Lichterglanz, Gedränge und volle Einkaufstüten hier und ein kleiner Junge ohne sicheres Zuhause dort. Warum entscheidet der Geburtsort maßgeblich das Schicksal? Hat nicht jedes Kind eine Chance auf ein gutes Leben verdient? Manche Widersprüche sind schwer zu ertragen. Die Gedanken an Vijay, an seine Familie und an das Team von Schwester Helen rücken bei mir in diesem Moment einiges zurecht. Sie kicken mich förmlich mit Schwung aus dem Hamsterrad des Weihnachtswahnsinns.
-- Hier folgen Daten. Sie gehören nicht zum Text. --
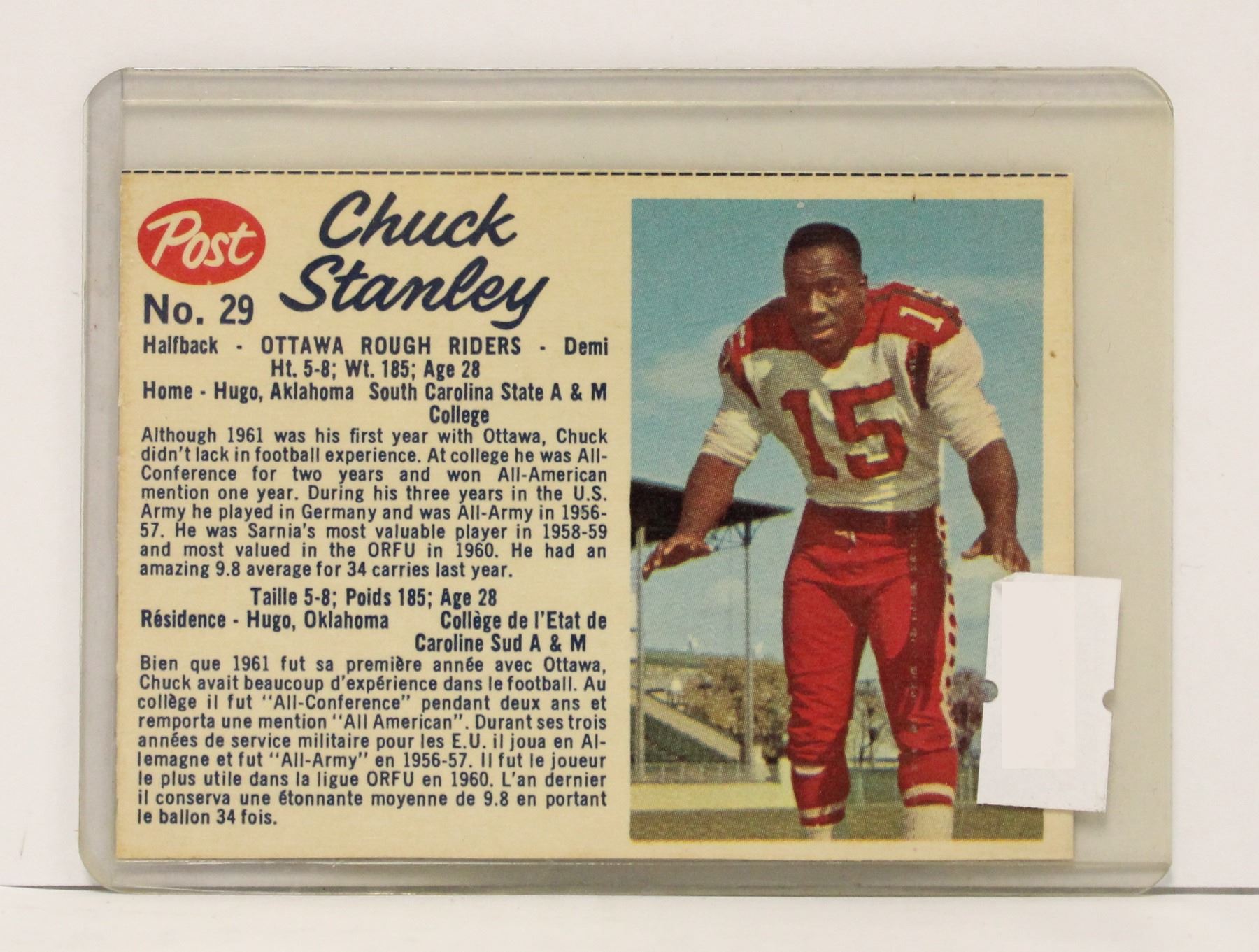 1962 CHUCK STANLEY CFL CARD

Und ich meine, dass es wohl kein Zufall ist, dass die Nachricht Arunas mich gerade jetzt erreicht hat. Wie passend, kurz vor den Festtagen wird in ihr eine Weihnachtsbotschaft in der Person des kleinen Jungen Vijays sichtbar. Ein Aufruf und eine Nachricht aus dem Off, die wir auch mit der Weihnachtsbotschaft und der Geburt und dem Leben eines anderen kleinen Jungen aus Bethlehem verbinden: Teilen, ein offenes Auge und Herz für die Situation und Nöte der Mitmenschen, der Unsichtbaren, Ausgegrenzten und Stigmatisierten zu bewahren und für die Schwächsten da zu sein. Helfen lohnt sich, dem dem geholfen wird als auch dem der hilft. Es scheint fast ein Grundbedürfnis zu sein. Warum sonst engagiert sich jeder zweite über 14 Jahren ehrenamtlich?
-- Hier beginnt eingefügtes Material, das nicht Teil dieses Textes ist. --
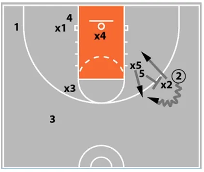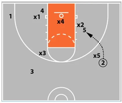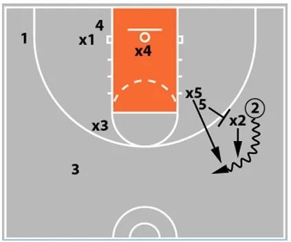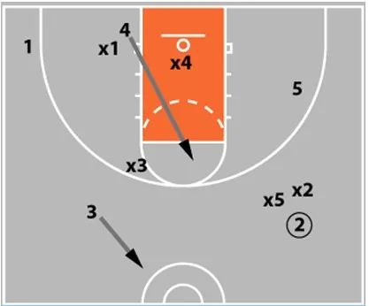 If x4 is helping across on a post entry, 4 could flash to the high post for a hi-lo opportunity or free throw line shot.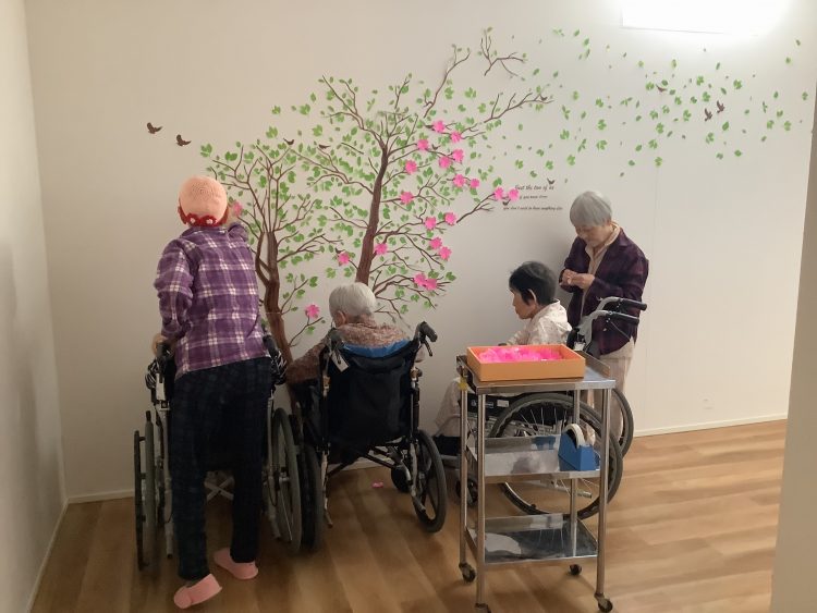 Ⅱ号棟への廊下にお花が咲きました😆

Sicherlich, Zweifel sind erlaubt, wir können die Welt mit dem was wir leisten können, unserem ehrenamtlichen Engagement im Förderverein, bei der freiwilligen Feuerwehr oder bei der lokalen Tafel nicht retten. Für Vijay, der kaum größer als sein Schulranzen ist und seine Leben noch vor sich hat, ist unsere Hilfe und Mitgefühl allerdings etwas Großes und ganz Entscheidendes.
Viel entscheidender als die Frage, ob mir jetzt wirklich nichts mehr für ein perfektes Weihnachtsfest fehlt. Mut zur Lücke! Danke Vijay!